Question 1179080
Let's break this problem into two parts:

**Part 1: Calculate the Accumulated Value of Grandma's Deposits**

1.  **Monthly Deposit:** $1300
2.  **Number of Deposits:** 23
3.  **Interest Rate:** 9.3% convertible monthly (0.093 / 12 = 0.00775 per month)

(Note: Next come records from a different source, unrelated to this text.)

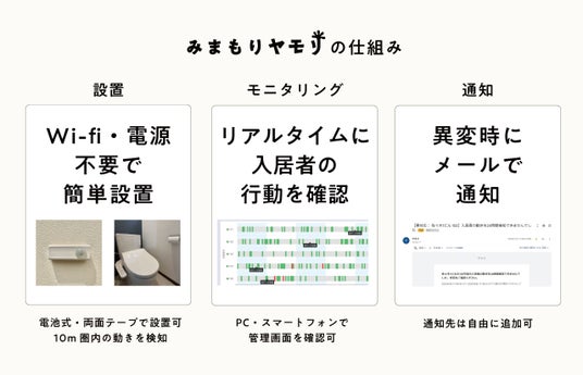 「みまもりヤモリ」が24時間の間に対象者の動きを感知しなければ、家族や道志村役場にメールにて自動的に通知が届くシステムになります。本協定では人命につながる事態を一早く拾いあげる事で本人も家族も安心して生活ができるように支援を目指します。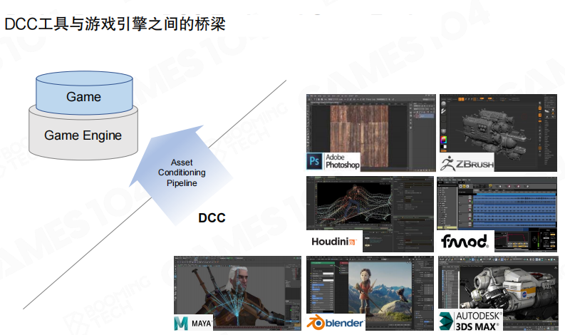 工具链连接游戏引擎与第三方DCC工具(Digital Content Creation,数字内容创作工具)。现代游戏开发需要使用大量第三方工具: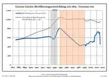 Динаміка населення з 1875 року в сучасних кордонах (Синя лінія: населення; Пунктир: відносна порівняльна динаміка населення землі Бранденбург; Сірий фон: період Третього рейху; Помаранчевий фон: період НДР)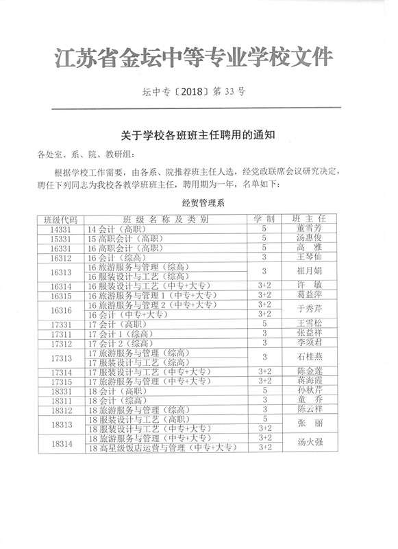 关于学校各班班主任聘用的通知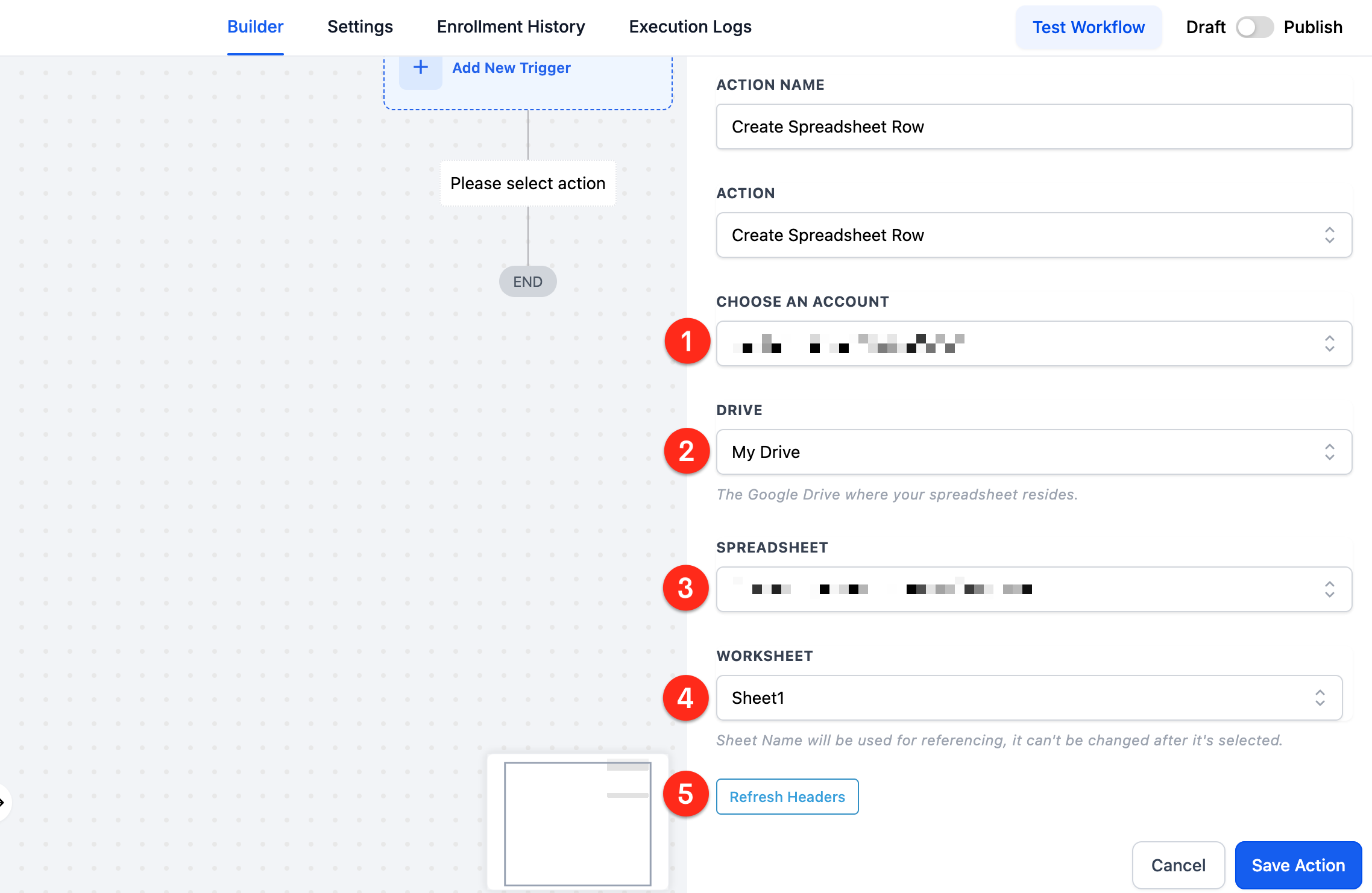 In the Workflow Builder this is called an Action and in the Action settings the functions are also called Actions. We will refer to sub-Actions like Create Spreadsheet Row as functions.Key Benefits of Google Sheets Integration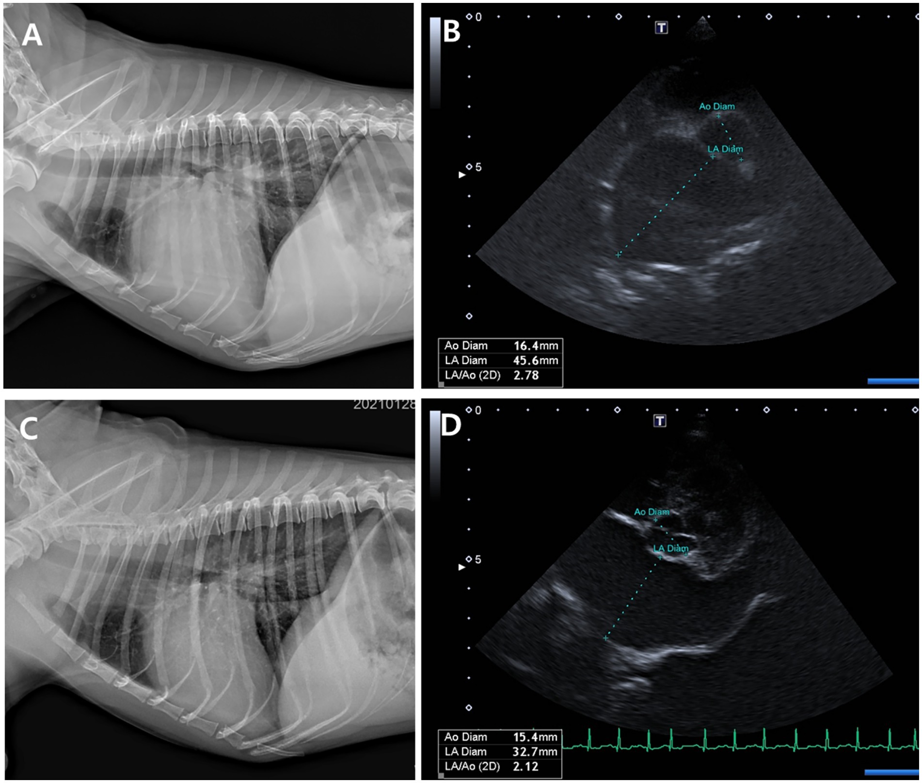 Figure 6. Thoracic radiographs (A, C) and echocardiographic images (B, D) from a Group 1 (test group) dog, taken before and 56 days after treatment with the combination tablet (ForteGold). Following treatment, the vertebral heart scale (VHS) and vertebral left atrial size (VLAS) on thoracic radiography decreased from 12.0 and 2.8 to 10.5 and 2.2, respectively (A, C). Similarly, the left atrial-to-aortic root diameter ratio (LA/Ao) on echocardiography was reduced from 2.78 to 2.1 (B, D).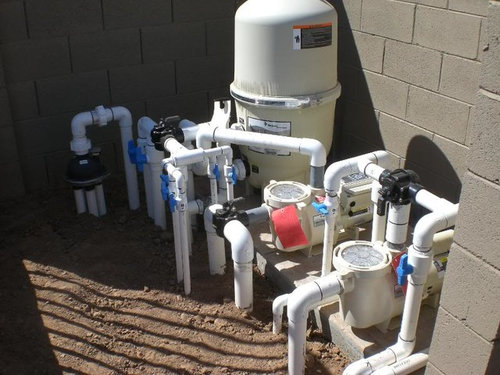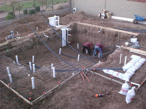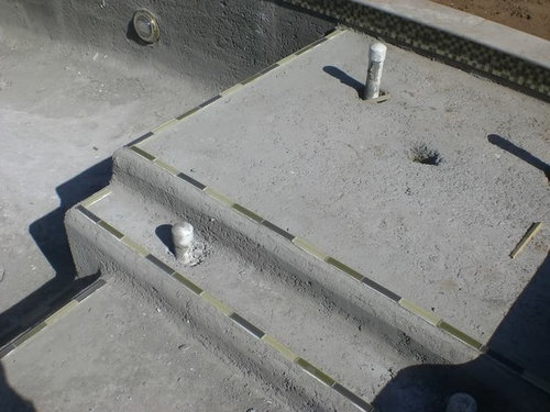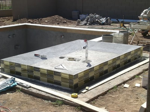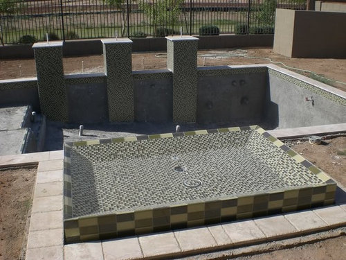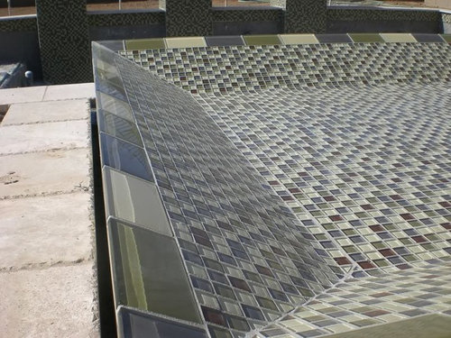 My build- glass tile, pebble sheen, travertine, Intellitouch...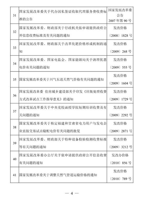國家發(fā)展改革委決定廢止的價格規(guī)范性文件目錄
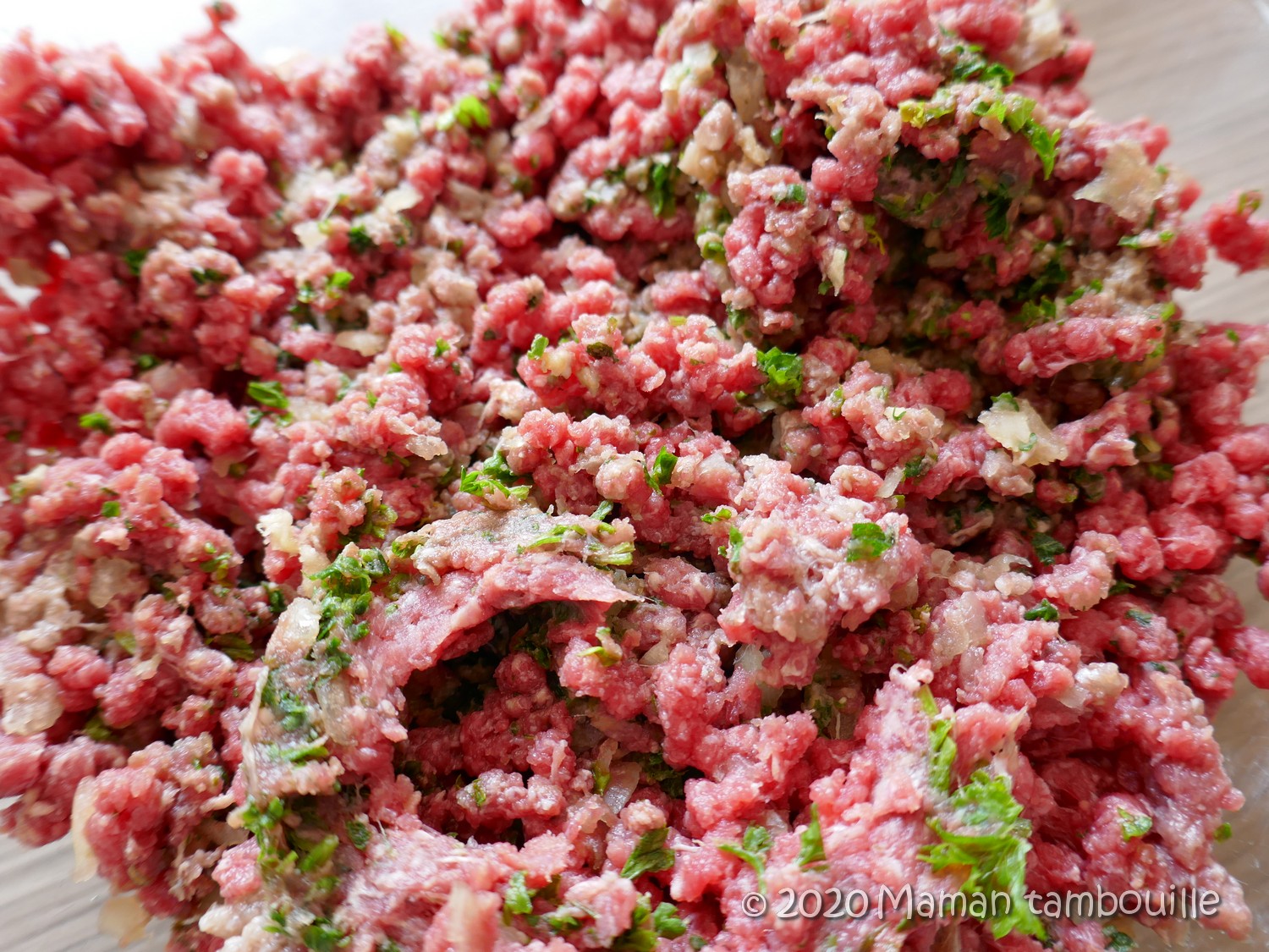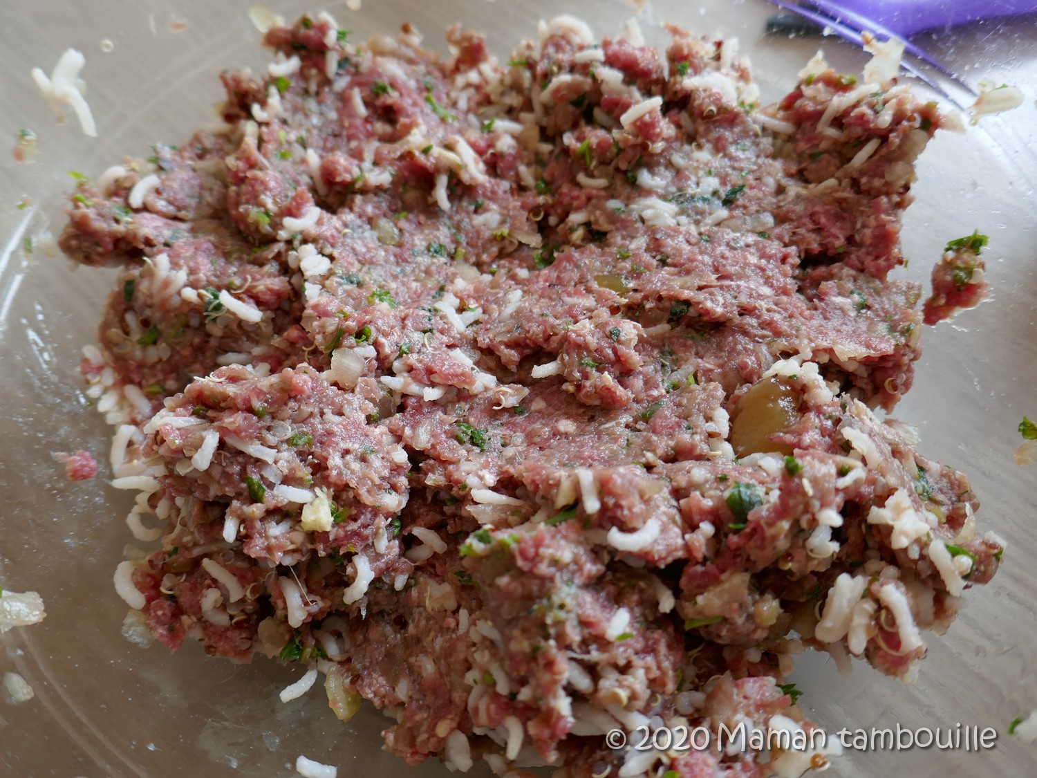 J’ai utilisé le hachoir à viande KitchenAid. Dedans, j’ai passé alternativement le boeuf, l’ail, l’oignon, la menthe et le persil.

We'll use the future value of an ordinary annuity formula:

FV = P * [((1 + r)^n - 1) / r]

Where:

* FV = Future Value
* P = Periodic Payment ($1300)
* r = Interest Rate per Period (0.00775)
* n = Number of Periods (23)

FV = 1300 * [((1 + 0.00775)^23 - 1) / 0.00775]
FV = 1300 * [(1.00775^23 - 1) / 0.00775]
FV = 1300 * [(1.196398246 - 1) / 0.00775]
FV = 1300 * [0.196398246 / 0.00775]
FV = 1300 * 25.3416
FV ≈ $32944.08

**Part 2: Calculate the Monthly Withdrawal Amount**

1.  **Accumulated Value (Present Value for Withdrawals):** $32944.08
2.  **Number of Withdrawals:** 58
3.  **Interest Rate:** 9.3% convertible monthly (0.093 / 12 = 0.00775 per month)

We'll use the present value of an annuity due formula since withdrawals are at the beginning of each month:

PV = M * [(1 - (1 + r)^-n) / r] * (1 + r)

Where:

* PV = Present Value ($32944.08)
* M = Monthly Withdrawal Amount
* r = Interest Rate per Period (0.00775)
* n = Number of Periods (58)

Rearrange the formula to solve for M:

M = PV / [((1 - (1 + r)^-n) / r) * (1 + r)]

M = 32944.08 / [((1 - (1.00775)^-58) / 0.00775) * (1.00775)]
M = 32944.08 / [((1 - 0.62791485) / 0.00775) * 1.00775]
M = 32944.08 / [(0.37208515 / 0.00775) * 1.00775]
M = 32944.08 / [48.010987 * 1.00775]
M = 32944.08 / 48.382093
M ≈ $681.09

**Answer:**

You will be able to withdraw approximately $681.09 each month.